We will cover a range of scenarios and starting points, from working with colleagues who are confident using surveys but don’t feel a sense of ownership of their evaluation to others who aren’t sold on the value of evaluation at all. We will discuss how we have approached each of these as professional evaluators and the tools that have helped us build these cultures.
One of the key methods that has helped unify our evaluative approaches is the co-creation of shared outcomes. These outcomes provided essential buy-in from stakeholders and developed a shared language and sense of purpose, anchoring the benefits and need for evaluation beyond data collection. We will touch on how our shared outcomes helped us navigate organisational changes and set us up to protect programmes and communicate our shared purpose across an organisation of over 8,000 members of staff and 22,000 students.

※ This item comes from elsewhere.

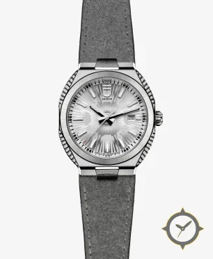 Eine Luxus-Uhr mit einem markanten 44mm Auftritt am Handgelenk, gefertigt aus Edelstahl mit einem Zifferblatt in silber und einer besonderen "sunburst"-Oberfläche.

With a show-don’t-tell approach, we will demonstrate some of the simple tools we have found effective to encourage engagement, generating discussion around challenges and opportunities of building evaluation culture. We will candidly share challenges we have faced with data availability, as well as over collection of data that is not used to its full potential.
Central to this session will be engaging conference participants in discussions of what has worked well (and not so well), using some of the tools we have implemented with colleagues at Imperial. We will create a safe space to grapple with challenges, discuss opportunities, and scaffold key take-aways for conference participants.